● **Data excerpts**
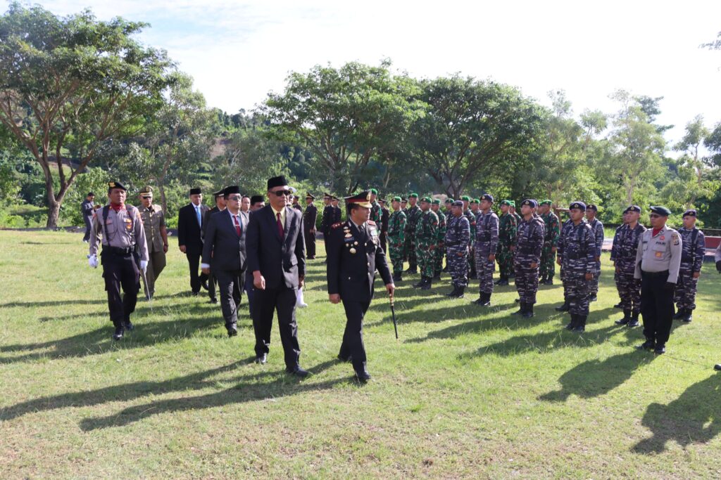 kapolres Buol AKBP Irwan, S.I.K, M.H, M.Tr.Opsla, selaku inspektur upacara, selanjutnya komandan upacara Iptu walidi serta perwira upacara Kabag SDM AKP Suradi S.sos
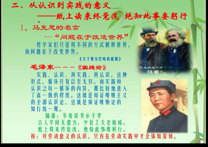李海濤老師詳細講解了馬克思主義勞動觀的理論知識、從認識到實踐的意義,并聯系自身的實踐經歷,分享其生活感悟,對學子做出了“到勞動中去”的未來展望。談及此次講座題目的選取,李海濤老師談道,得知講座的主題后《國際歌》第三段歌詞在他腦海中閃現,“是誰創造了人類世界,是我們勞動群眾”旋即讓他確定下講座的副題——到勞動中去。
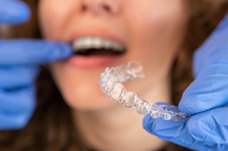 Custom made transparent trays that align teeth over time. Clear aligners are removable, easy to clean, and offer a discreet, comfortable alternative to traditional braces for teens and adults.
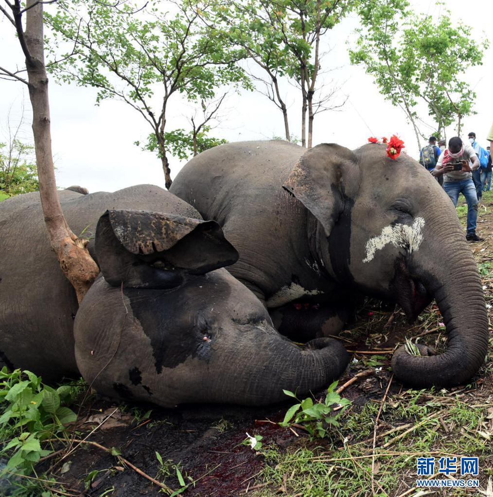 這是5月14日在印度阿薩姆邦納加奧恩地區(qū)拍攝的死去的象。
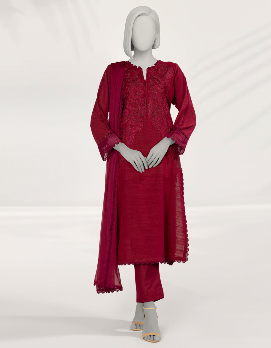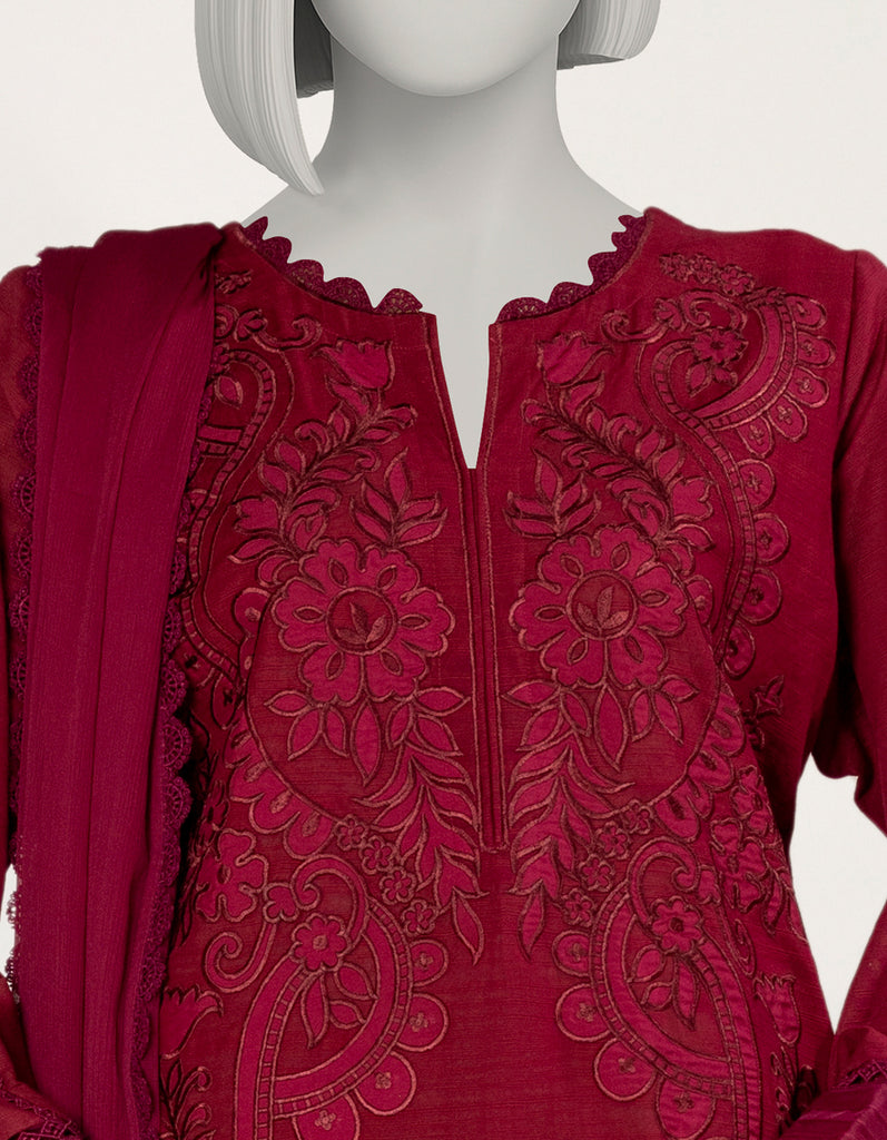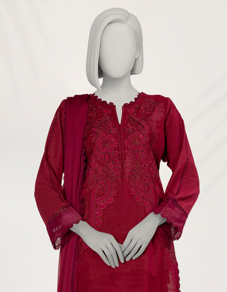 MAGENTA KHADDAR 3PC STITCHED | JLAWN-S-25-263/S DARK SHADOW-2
--
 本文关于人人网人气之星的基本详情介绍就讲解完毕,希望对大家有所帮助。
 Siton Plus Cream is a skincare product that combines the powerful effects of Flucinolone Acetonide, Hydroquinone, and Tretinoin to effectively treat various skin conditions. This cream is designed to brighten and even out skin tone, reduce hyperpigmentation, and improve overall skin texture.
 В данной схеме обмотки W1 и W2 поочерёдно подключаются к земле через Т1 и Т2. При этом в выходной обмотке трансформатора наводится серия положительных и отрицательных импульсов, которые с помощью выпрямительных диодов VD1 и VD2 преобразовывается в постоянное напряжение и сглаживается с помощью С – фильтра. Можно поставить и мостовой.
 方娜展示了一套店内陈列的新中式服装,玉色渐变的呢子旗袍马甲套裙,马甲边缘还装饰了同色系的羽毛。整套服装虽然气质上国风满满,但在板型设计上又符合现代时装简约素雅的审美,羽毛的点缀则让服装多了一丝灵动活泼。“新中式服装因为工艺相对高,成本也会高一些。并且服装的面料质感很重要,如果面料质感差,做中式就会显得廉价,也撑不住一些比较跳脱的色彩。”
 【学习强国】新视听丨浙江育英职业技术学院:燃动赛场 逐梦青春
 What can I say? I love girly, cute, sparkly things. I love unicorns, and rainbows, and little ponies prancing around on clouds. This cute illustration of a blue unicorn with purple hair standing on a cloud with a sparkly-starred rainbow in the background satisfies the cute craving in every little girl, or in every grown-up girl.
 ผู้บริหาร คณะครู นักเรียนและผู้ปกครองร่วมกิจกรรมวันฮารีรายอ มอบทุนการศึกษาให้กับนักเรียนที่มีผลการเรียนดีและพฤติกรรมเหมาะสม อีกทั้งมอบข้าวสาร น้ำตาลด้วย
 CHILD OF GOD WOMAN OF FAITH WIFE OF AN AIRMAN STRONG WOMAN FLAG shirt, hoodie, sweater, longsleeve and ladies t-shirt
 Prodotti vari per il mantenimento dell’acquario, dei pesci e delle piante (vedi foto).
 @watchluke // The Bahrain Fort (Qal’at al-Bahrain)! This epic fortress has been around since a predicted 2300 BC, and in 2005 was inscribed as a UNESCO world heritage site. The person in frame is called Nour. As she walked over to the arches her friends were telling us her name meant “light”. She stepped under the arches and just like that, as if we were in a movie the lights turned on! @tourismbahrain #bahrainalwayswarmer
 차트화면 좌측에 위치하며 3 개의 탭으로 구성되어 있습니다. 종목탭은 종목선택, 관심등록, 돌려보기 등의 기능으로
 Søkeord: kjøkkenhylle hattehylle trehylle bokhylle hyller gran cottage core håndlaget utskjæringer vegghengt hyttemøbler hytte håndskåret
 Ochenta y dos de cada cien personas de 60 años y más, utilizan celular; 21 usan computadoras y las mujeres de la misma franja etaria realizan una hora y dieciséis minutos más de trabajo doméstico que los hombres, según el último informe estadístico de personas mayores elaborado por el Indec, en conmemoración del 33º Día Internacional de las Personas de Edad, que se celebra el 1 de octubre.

● **What is expected**
Everything above from the line containing "本文关于人人网人气之星的基本详情介绍就讲解完毕,希望对大家有所帮助。" through the line containing "What can I say?" must be copied exactly. Nothing outside that range belongs in the answer.

● **Written solution**
 本文关于人人网人气之星的基本详情介绍就讲解完毕,希望对大家有所帮助。
 Siton Plus Cream is a skincare product that combines the powerful effects of Flucinolone Acetonide, Hydroquinone, and Tretinoin to effectively treat various skin conditions. This cream is designed to brighten and even out skin tone, reduce hyperpigmentation, and improve overall skin texture.
 В данной схеме обмотки W1 и W2 поочерёдно подключаются к земле через Т1 и Т2. При этом в выходной обмотке трансформатора наводится серия положительных и отрицательных импульсов, которые с помощью выпрямительных диодов VD1 и VD2 преобразовывается в постоянное напряжение и сглаживается с помощью С – фильтра. Можно поставить и мостовой.
 方娜展示了一套店内陈列的新中式服装,玉色渐变的呢子旗袍马甲套裙,马甲边缘还装饰了同色系的羽毛。整套服装虽然气质上国风满满,但在板型设计上又符合现代时装简约素雅的审美,羽毛的点缀则让服装多了一丝灵动活泼。“新中式服装因为工艺相对高,成本也会高一些。并且服装的面料质感很重要,如果面料质感差,做中式就会显得廉价,也撑不住一些比较跳脱的色彩。”
 【学习强国】新视听丨浙江育英职业技术学院:燃动赛场 逐梦青春
 What can I say? I love girly, cute, sparkly things. I love unicorns, and rainbows, and little ponies prancing around on clouds. This cute illustration of a blue unicorn with purple hair standing on a cloud with a sparkly-starred rainbow in the background satisfies the cute craving in every little girl, or in every grown-up girl.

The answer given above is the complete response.